*Activity:* The answer must consist solely of the lines below starting at the one containing "堂会邀请了漫画家炭烧老广操刀" and ending at the one containing "river in Kiev.", repeated exactly, with both ends included and all pictures omitted.

*Input:*
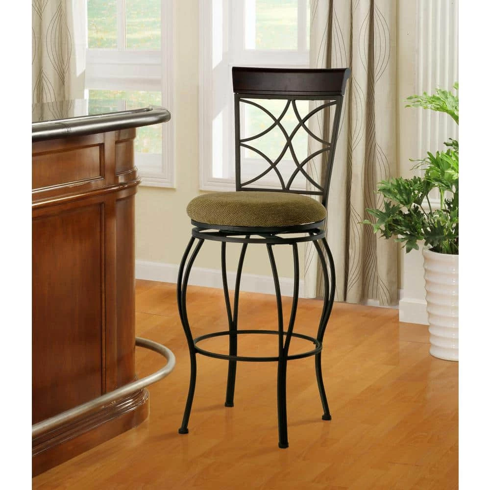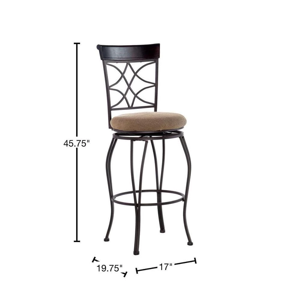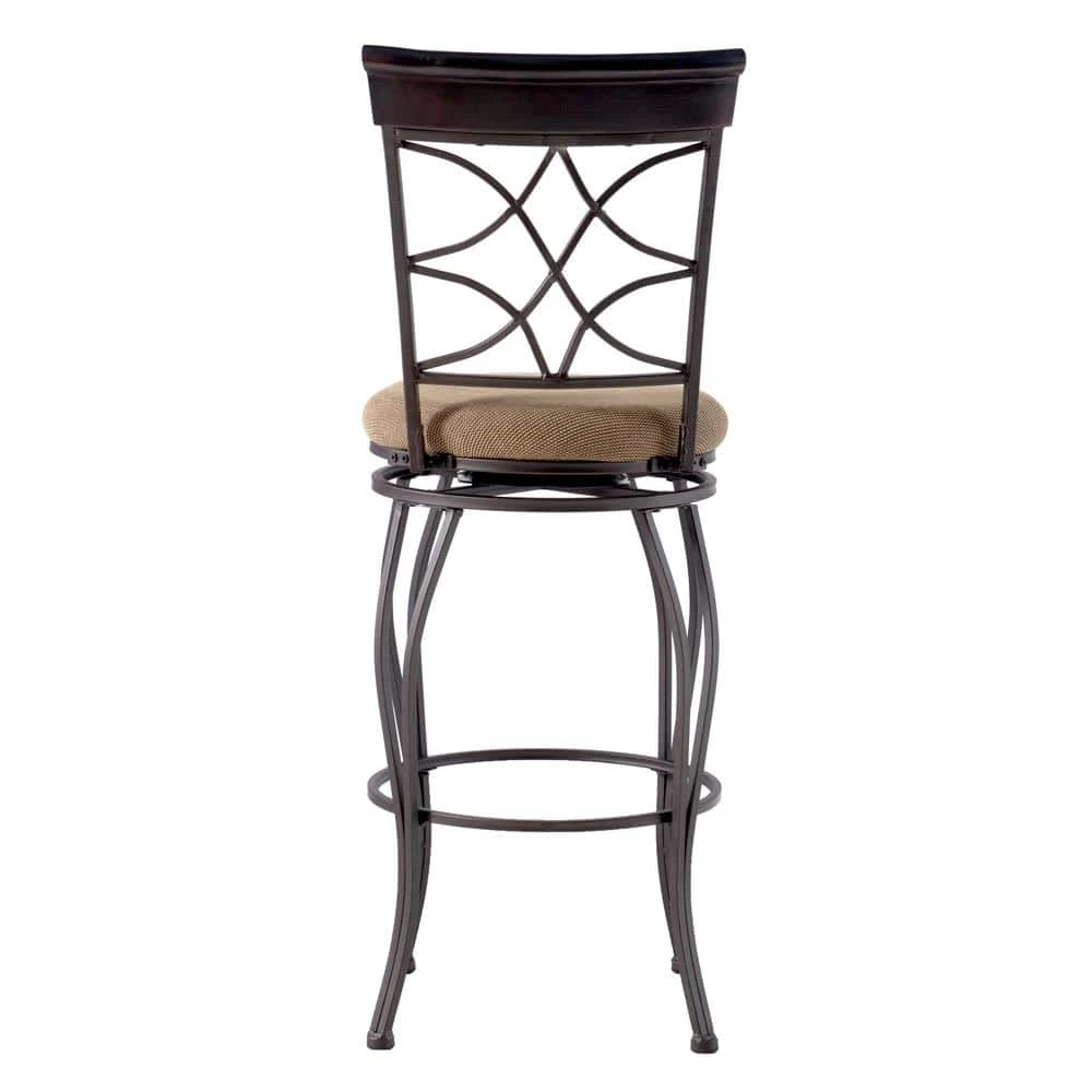 The elegance and unique style of this Newberry 30 in. Metallic Brown Back Metal Barstool will carry throughout your kitchen, dining, or home pub area. Crafted of metal and highlighted with subtle curves and a distinctive back, this stool is a positively striking addition to your home. The cushion is piled high for extra comfort making this stool versatile for any gathering area. Finished in metallic brown with a brown wood accent. The seat is covered in a beige and black microfiber. 275 lbs. weight limit.
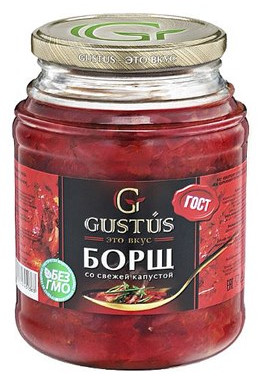 Борщ со свежей капустой от бренда Gustus в упаковке объемом 450 г — это традиционное русское блюдо, приготовленное из свежих овощей, таких как свекла, капуста, картофель и морковь, с добавлением томатной пасты и ароматных специй. Борщ обладает насыщенным вкусом и ярким красным цветом, который придает ему свекла.
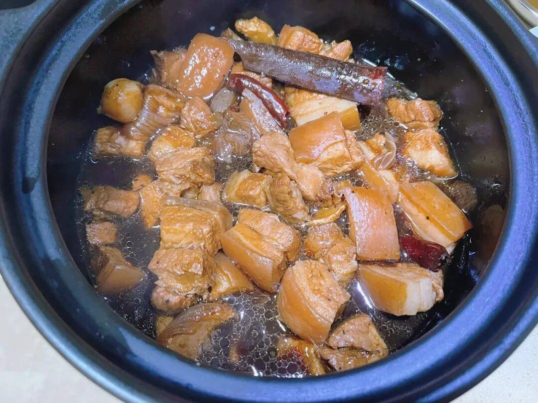 3.炖煮:砂锅加水放肉、姜、葱,大火煮开转小火炖40分钟(牛肉1小时),肉软后加肉桂再炖10-15分钟,加生抽调味。
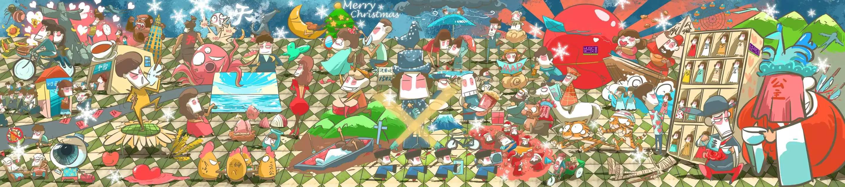 堂会邀请了漫画家炭烧老广操刀,将数十首在堂会广受K迷欢迎的歌曲用漫画的方式呈现,最终组成了这样一副“清明上河图”式的画作!
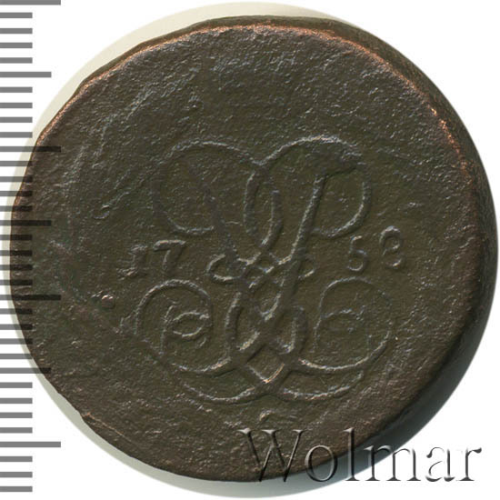 - Медные монеты Елизаветы: копейка, 2 и 5 копеек Елизаветы Петровны, денга, полушка
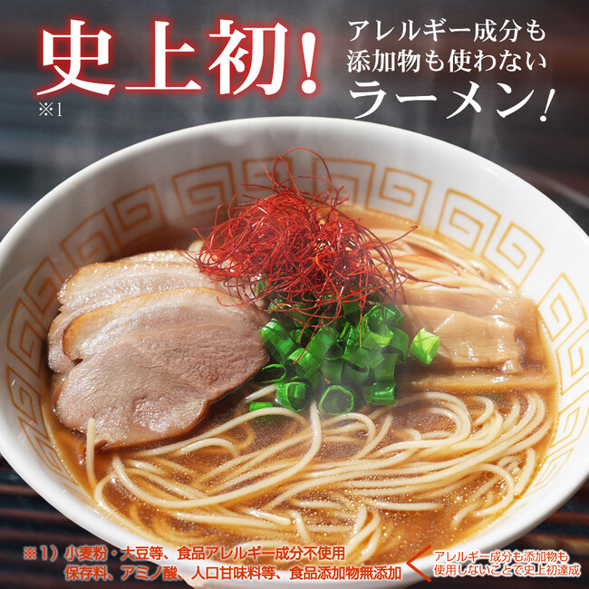 日本で販売されているネット販売及び、量販店の流通可能な麺及びスープ付きラーメン(冷凍、冷蔵、常温)の中で、特定原材料28品目不使用かつ厚生労働省が指定する全ての添加物が無添加という括りで、史上初
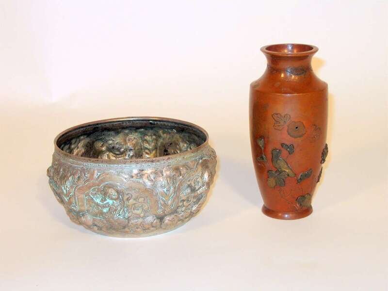 Small Japanese mixed metal vase and silver thai alms bowl 19/20th century
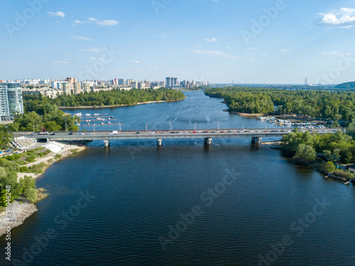 © Sergey, Fototapeta premium Aerial drone view. Automobile bridge over the Dnieper river in Kiev.
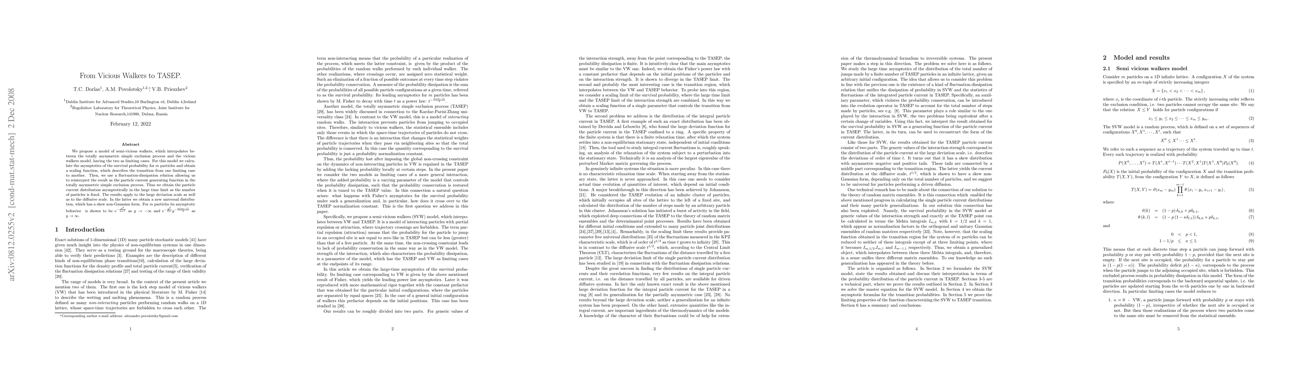 We propose a model of semi-vicious walkers, which interpolates between the totally asymmetric simple exclusion process and the vicious walkers model, having the two as limiting cases. For this model we calculate the asymptotics of the survival probability for $m$ particles and obtain a scaling function, which describes the transition from one limiting case to another. Then, we use a fluctuation-dissipation relation allowing us to reinterpret the result as the particle current generating function in the totally asymmetric simple exclusion process. Thus we obtain the particle current distribution asymptotically in the large time limit as the number of particles is fixed. The results apply to the large deviation scale as well as to the diffusive scale. In the latter we obtain a new universal distribution, which has a skew non-Gaussian form. For $m$ particles its asymptotic behavior is shown to be $e^{-\frac{y^{2}}{2m^{2}}}$ as $y\to -\infty $ and $e^{-\frac{y^{2}}{2m}}y^{-\frac{m(m-1)}{2}}$ as $y\to \infty $.
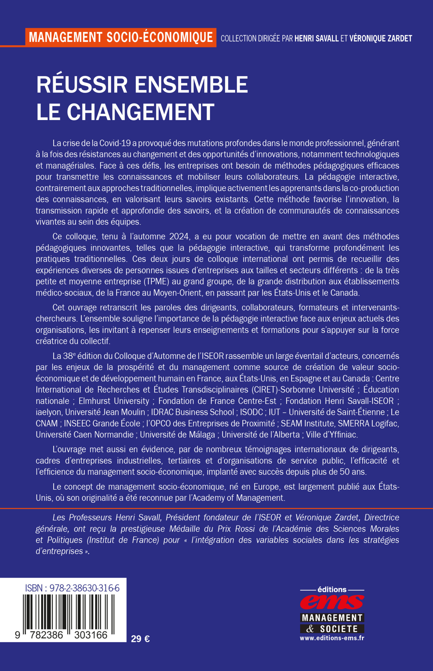 La 38e édition du Colloque d’Automne de l’ISEOR rassemble un large éventail d’acteurs, concernés par les enjeux de la prospérité et du management comme source de création de valeur socioéconomique et de développement humain en France, aux États-Unis, en Espagne et au Canada : Centre International de Recherches et Études Transdisciplinaires (CIRET)-Sorbonne Université ; Éducation nationale ; Elmhurst University ; Fondation de France Centre-Est ; Fondation Henri Savall-ISEOR ; iaelyon, Université Jean Moulin ; IDRAC Business School ; ISODC ; IUT – Université de Saint-Étienne ; Le CNAM ; INSEEC Grande École ; l’OPCO des Entreprises de Proximité ; SEAM Institute, SMERRA Logifac, Université Caen Normandie ; Université de Málaga ; Université de l’Alberta ; Ville d’Yffiniac. L’ouvrage met aussi en évidence, par de nombreux témoignages internationaux de dirigeants, cadres d’entreprises industrielles, tertiaires et d’organisations de service public, l’efficacité et l’efficience du management socio-économique, implanté avec succès depuis plus de 50 ans. Le concept de management socio-économique, né en Europe, est largement publié aux États- Unis, où son originalité a été reconnue par l’Academy of Management.
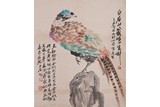 A COLOR AND INK 'BIRD' PAINTING IN MANNER OF DAQIAN 張大千款 花鳥 設色紙本 鏡心 |
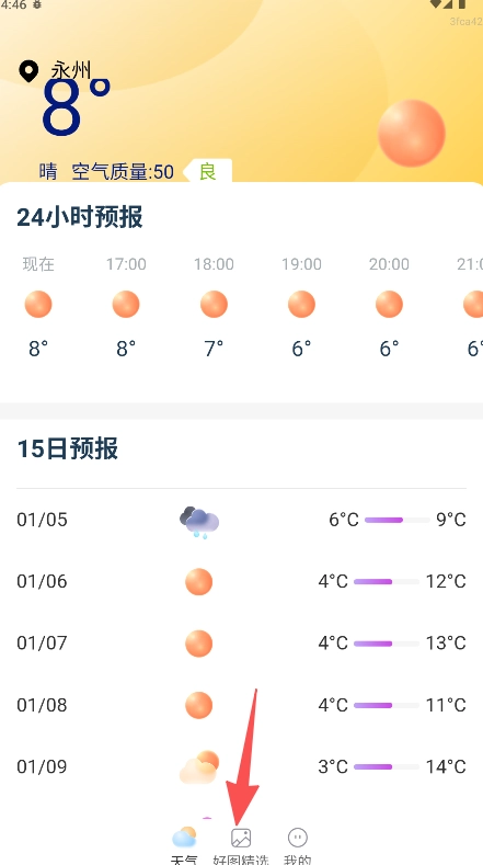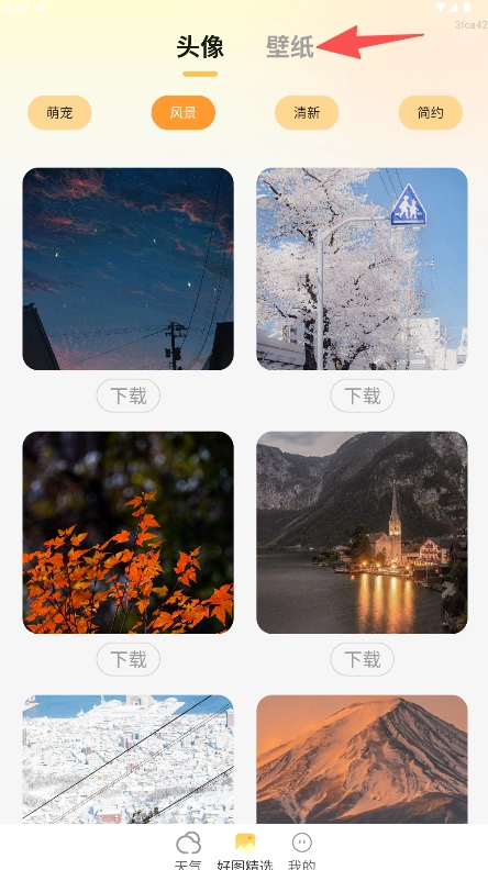 壁纸功能和天气查询导航不再整合在一起,而是通过底部单独设置的“好图精选”标签进入,功能路径一目了然,彼此之间不会相互影响。

*Written answer:*
 堂会邀请了漫画家炭烧老广操刀,将数十首在堂会广受K迷欢迎的歌曲用漫画的方式呈现,最终组成了这样一副“清明上河图”式的画作!
 - Медные монеты Елизаветы: копейка, 2 и 5 копеек Елизаветы Петровны, денга, полушка
 日本で販売されているネット販売及び、量販店の流通可能な麺及びスープ付きラーメン(冷凍、冷蔵、常温)の中で、特定原材料28品目不使用かつ厚生労働省が指定する全ての添加物が無添加という括りで、史上初
 Small Japanese mixed metal vase and silver thai alms bowl 19/20th century
 © Sergey, Fototapeta premium Aerial drone view. Automobile bridge over the Dnieper river in Kiev.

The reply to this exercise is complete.